● What is needed
Copy the records below exactly, starting at the line that contains "圖表:利比亞首都聽到炮聲卡扎菲說將保衛(wèi)國家" and ending at the line that contains "For OPPO A58"; leave out any pictures.

● Provided information
·····
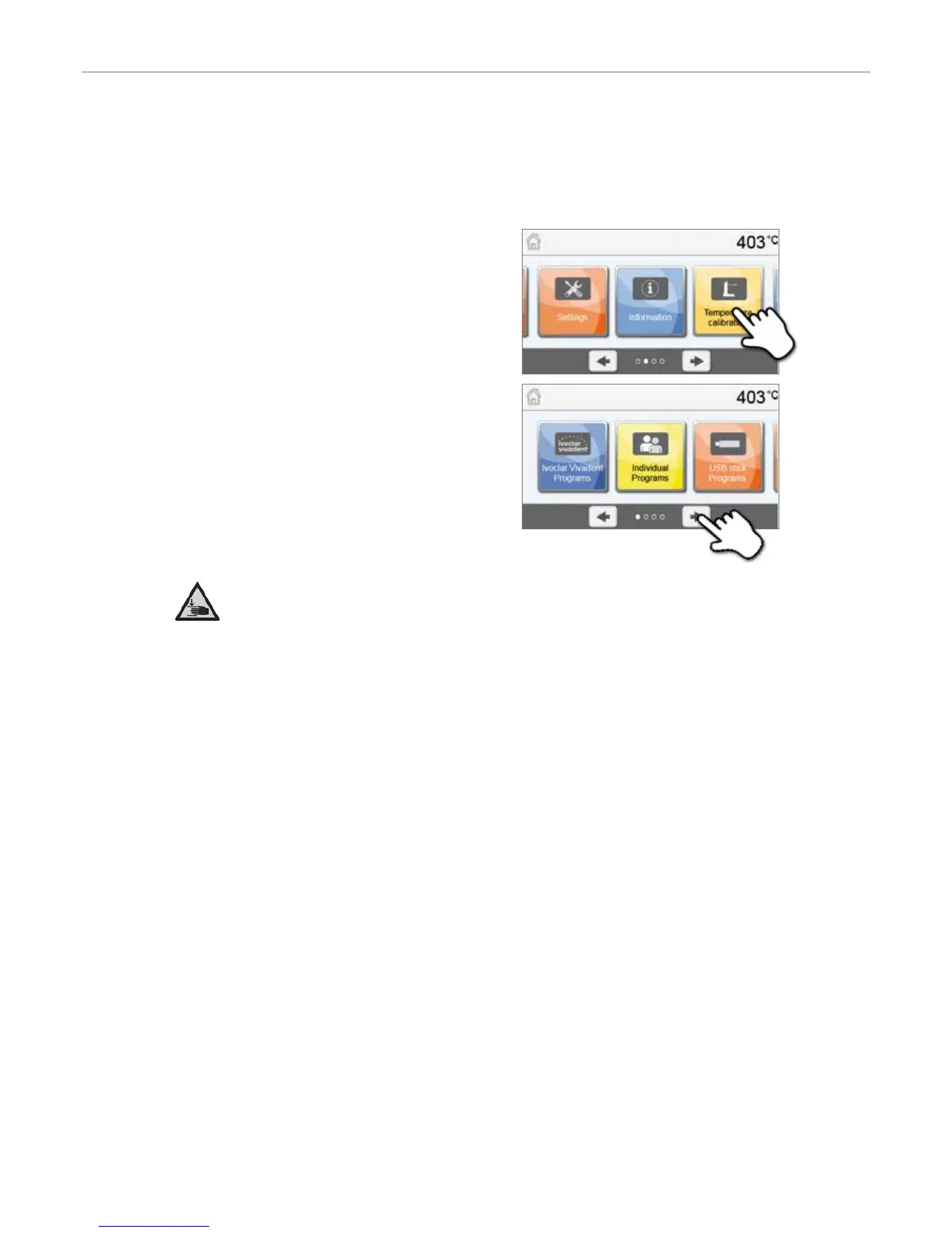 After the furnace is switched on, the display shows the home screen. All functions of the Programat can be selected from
·····
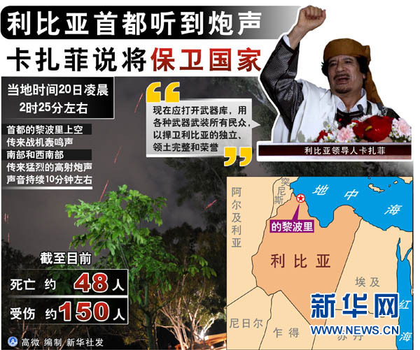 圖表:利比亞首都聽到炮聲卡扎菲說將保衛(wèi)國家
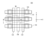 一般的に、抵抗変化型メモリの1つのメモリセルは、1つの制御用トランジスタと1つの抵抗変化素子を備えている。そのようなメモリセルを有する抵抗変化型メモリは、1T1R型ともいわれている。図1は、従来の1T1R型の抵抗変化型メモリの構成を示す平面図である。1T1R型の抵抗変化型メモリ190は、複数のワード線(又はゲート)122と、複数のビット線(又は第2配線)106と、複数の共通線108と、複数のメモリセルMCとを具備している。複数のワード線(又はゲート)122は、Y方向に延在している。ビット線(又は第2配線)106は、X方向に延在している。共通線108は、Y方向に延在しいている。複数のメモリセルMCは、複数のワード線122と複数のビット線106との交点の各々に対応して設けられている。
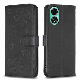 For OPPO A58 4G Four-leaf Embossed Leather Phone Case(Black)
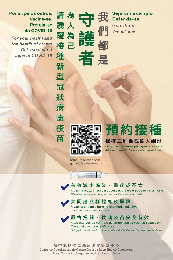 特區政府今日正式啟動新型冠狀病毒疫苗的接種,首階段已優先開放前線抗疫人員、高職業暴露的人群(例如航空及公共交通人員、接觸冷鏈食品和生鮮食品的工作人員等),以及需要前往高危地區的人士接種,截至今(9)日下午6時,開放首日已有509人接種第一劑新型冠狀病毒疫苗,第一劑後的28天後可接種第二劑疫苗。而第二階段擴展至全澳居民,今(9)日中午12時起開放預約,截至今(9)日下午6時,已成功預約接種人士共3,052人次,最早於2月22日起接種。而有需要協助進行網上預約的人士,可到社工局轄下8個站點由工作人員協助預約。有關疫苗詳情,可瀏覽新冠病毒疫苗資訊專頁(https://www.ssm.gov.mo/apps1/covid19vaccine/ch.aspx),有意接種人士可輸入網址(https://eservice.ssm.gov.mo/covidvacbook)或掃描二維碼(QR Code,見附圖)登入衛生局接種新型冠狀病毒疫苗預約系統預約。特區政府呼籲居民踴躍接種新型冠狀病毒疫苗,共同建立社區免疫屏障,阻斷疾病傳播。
·····
● Solution to this task
 圖表:利比亞首都聽到炮聲卡扎菲說將保衛(wèi)國家
 一般的に、抵抗変化型メモリの1つのメモリセルは、1つの制御用トランジスタと1つの抵抗変化素子を備えている。そのようなメモリセルを有する抵抗変化型メモリは、1T1R型ともいわれている。図1は、従来の1T1R型の抵抗変化型メモリの構成を示す平面図である。1T1R型の抵抗変化型メモリ190は、複数のワード線(又はゲート)122と、複数のビット線(又は第2配線)106と、複数の共通線108と、複数のメモリセルMCとを具備している。複数のワード線(又はゲート)122は、Y方向に延在している。ビット線(又は第2配線)106は、X方向に延在している。共通線108は、Y方向に延在しいている。複数のメモリセルMCは、複数のワード線122と複数のビット線106との交点の各々に対応して設けられている。
 For OPPO A58 4G Four-leaf Embossed Leather Phone Case(Black)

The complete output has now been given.